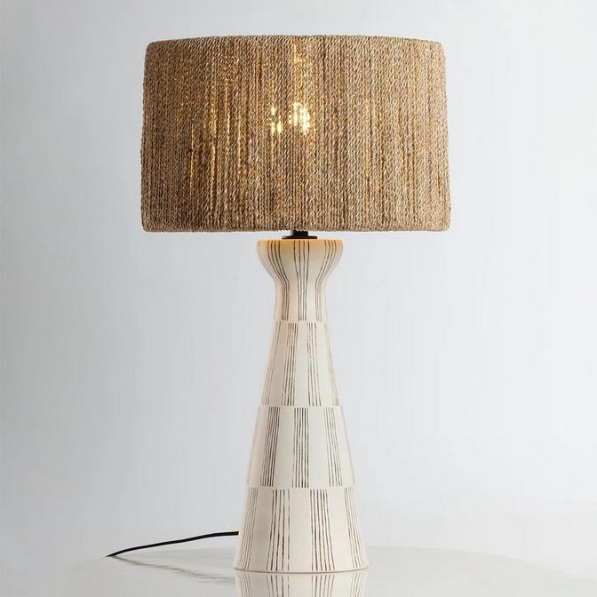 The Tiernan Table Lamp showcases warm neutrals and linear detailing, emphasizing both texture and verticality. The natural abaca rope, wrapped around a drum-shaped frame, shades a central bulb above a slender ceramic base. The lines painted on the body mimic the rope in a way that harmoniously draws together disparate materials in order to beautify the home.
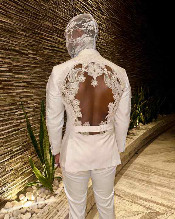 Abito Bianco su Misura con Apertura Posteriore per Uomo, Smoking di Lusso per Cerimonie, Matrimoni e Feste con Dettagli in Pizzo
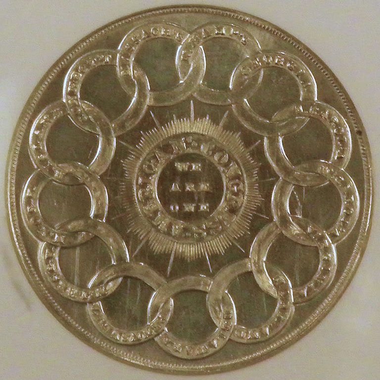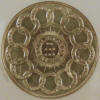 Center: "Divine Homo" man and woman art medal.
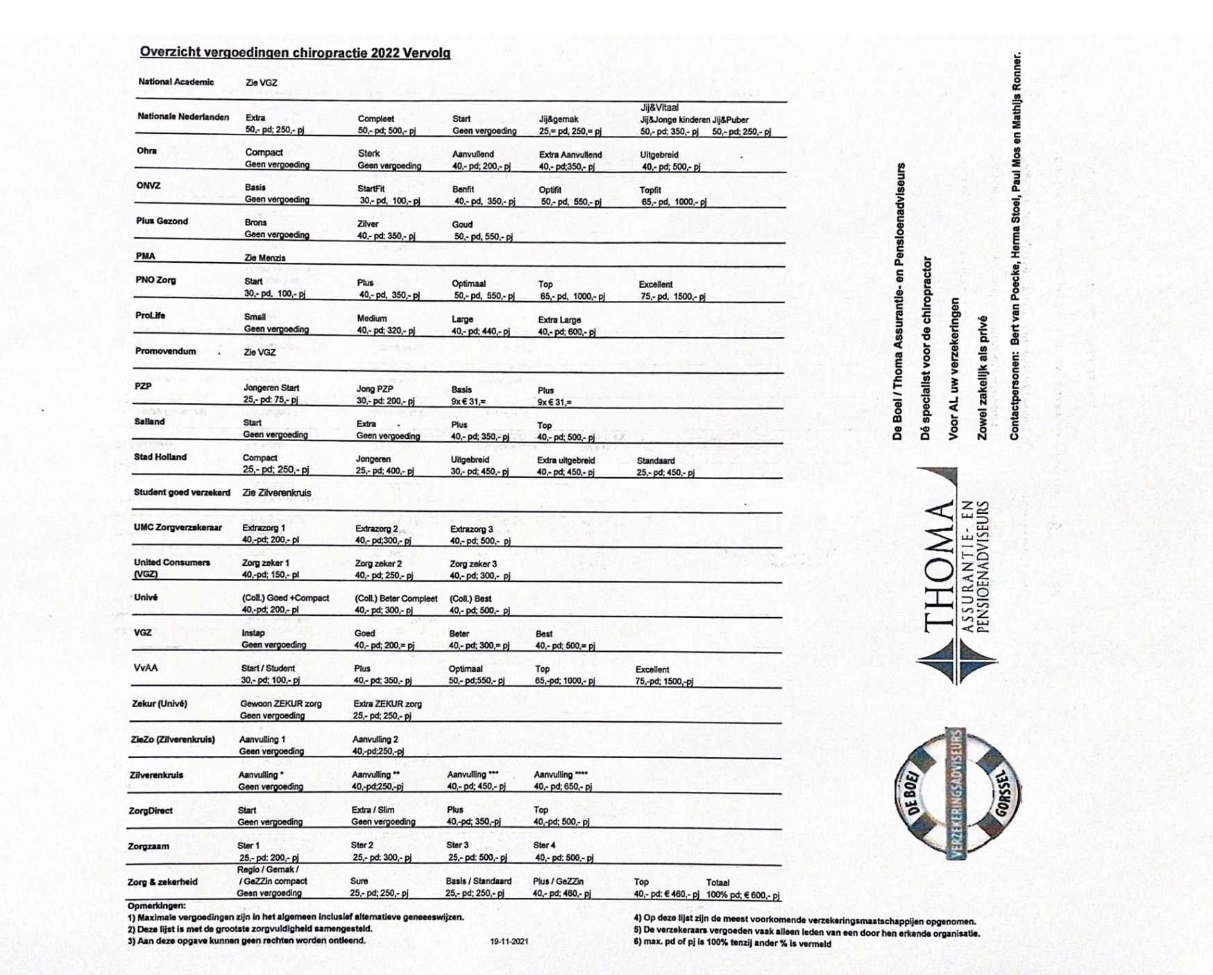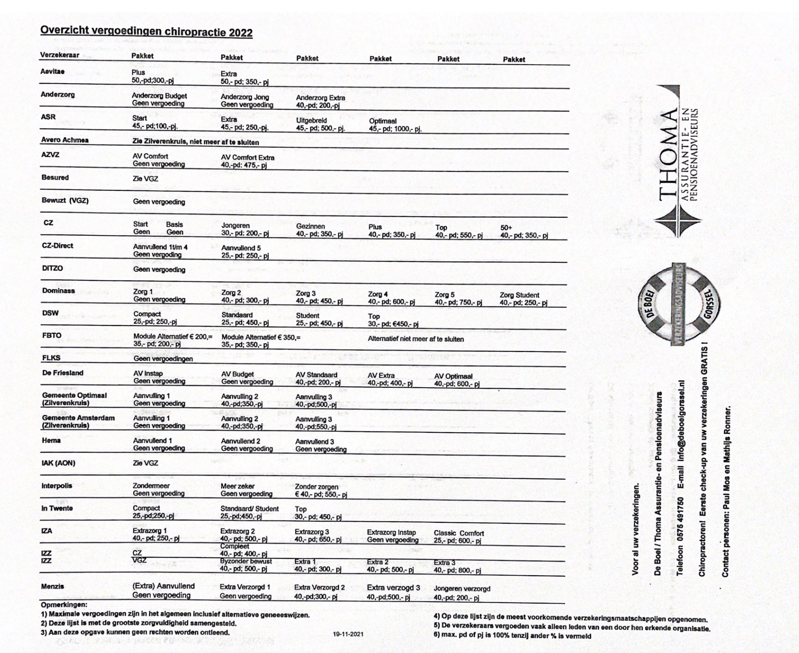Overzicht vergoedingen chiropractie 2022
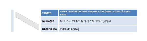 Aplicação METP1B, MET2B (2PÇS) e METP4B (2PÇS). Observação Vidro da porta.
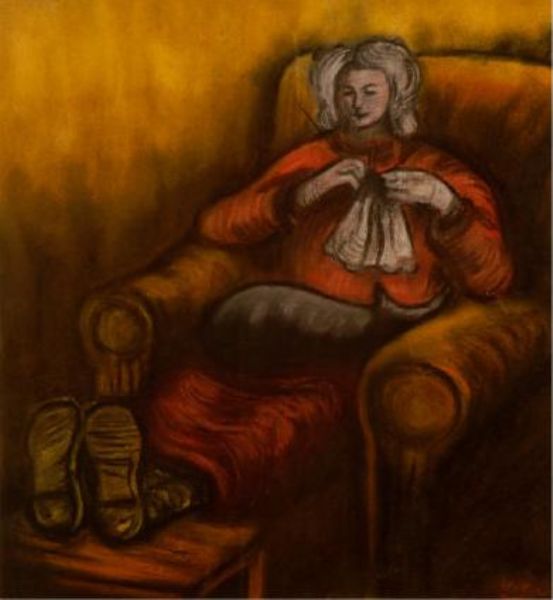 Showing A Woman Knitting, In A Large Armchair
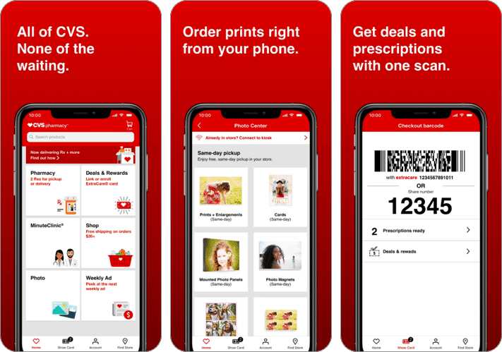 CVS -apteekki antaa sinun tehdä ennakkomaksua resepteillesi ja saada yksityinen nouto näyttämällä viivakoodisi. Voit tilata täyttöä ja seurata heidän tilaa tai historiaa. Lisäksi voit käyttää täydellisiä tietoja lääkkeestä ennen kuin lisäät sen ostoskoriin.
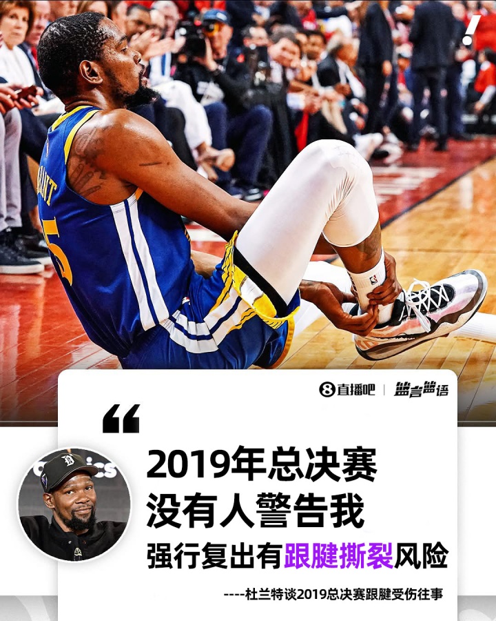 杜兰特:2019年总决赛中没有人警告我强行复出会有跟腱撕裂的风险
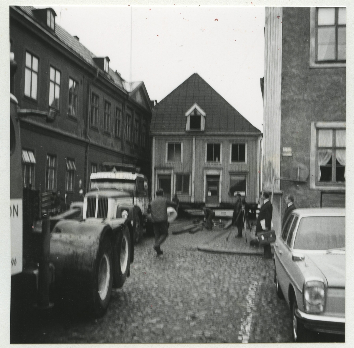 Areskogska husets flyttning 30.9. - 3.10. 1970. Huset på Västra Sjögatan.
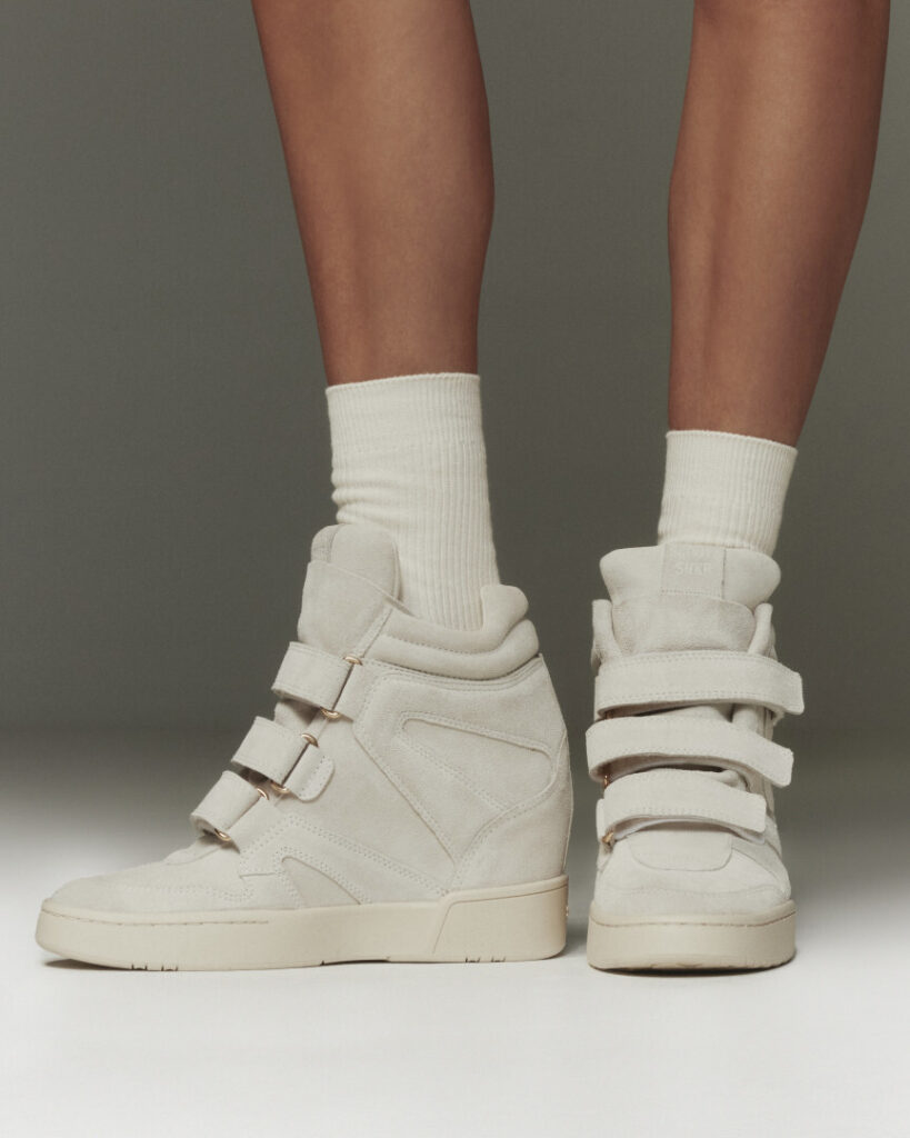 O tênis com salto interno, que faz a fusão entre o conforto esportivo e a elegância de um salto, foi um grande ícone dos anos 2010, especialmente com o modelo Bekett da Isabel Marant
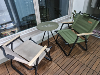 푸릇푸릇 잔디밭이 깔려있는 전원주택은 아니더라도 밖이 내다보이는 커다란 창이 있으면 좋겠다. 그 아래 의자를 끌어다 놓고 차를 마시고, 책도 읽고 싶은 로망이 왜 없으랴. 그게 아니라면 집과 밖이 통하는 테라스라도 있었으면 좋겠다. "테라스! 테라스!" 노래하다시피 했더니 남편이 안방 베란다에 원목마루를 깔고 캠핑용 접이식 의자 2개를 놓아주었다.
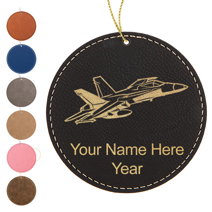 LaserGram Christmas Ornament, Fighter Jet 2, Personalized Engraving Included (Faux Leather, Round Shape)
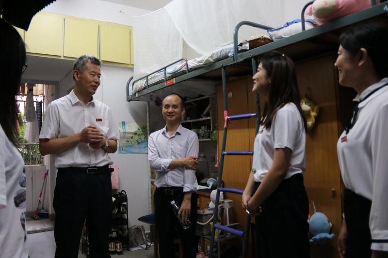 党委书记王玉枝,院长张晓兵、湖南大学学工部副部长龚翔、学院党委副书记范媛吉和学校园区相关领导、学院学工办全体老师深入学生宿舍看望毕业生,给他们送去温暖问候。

* How to complete this task: Leave the pictures out, and print every line of the listing exactly as written.

* Response:
 The Tiernan Table Lamp showcases warm neutrals and linear detailing, emphasizing both texture and verticality. The natural abaca rope, wrapped around a drum-shaped frame, shades a central bulb above a slender ceramic base. The lines painted on the body mimic the rope in a way that harmoniously draws together disparate materials in order to beautify the home.
 Abito Bianco su Misura con Apertura Posteriore per Uomo, Smoking di Lusso per Cerimonie, Matrimoni e Feste con Dettagli in Pizzo
 Center: "Divine Homo" man and woman art medal.
Overzicht vergoedingen chiropractie 2022
 Aplicação METP1B, MET2B (2PÇS) e METP4B (2PÇS). Observação Vidro da porta.
 Showing A Woman Knitting, In A Large Armchair
 CVS -apteekki antaa sinun tehdä ennakkomaksua resepteillesi ja saada yksityinen nouto näyttämällä viivakoodisi. Voit tilata täyttöä ja seurata heidän tilaa tai historiaa. Lisäksi voit käyttää täydellisiä tietoja lääkkeestä ennen kuin lisäät sen ostoskoriin.
 杜兰特:2019年总决赛中没有人警告我强行复出会有跟腱撕裂的风险
 Areskogska husets flyttning 30.9. - 3.10. 1970. Huset på Västra Sjögatan.
 O tênis com salto interno, que faz a fusão entre o conforto esportivo e a elegância de um salto, foi um grande ícone dos anos 2010, especialmente com o modelo Bekett da Isabel Marant
 푸릇푸릇 잔디밭이 깔려있는 전원주택은 아니더라도 밖이 내다보이는 커다란 창이 있으면 좋겠다. 그 아래 의자를 끌어다 놓고 차를 마시고, 책도 읽고 싶은 로망이 왜 없으랴. 그게 아니라면 집과 밖이 통하는 테라스라도 있었으면 좋겠다. "테라스! 테라스!" 노래하다시피 했더니 남편이 안방 베란다에 원목마루를 깔고 캠핑용 접이식 의자 2개를 놓아주었다.
 LaserGram Christmas Ornament, Fighter Jet 2, Personalized Engraving Included (Faux Leather, Round Shape)
 党委书记王玉枝,院长张晓兵、湖南大学学工部副部长龚翔、学院党委副书记范媛吉和学校园区相关领导、学院学工办全体老师深入学生宿舍看望毕业生,给他们送去温暖问候。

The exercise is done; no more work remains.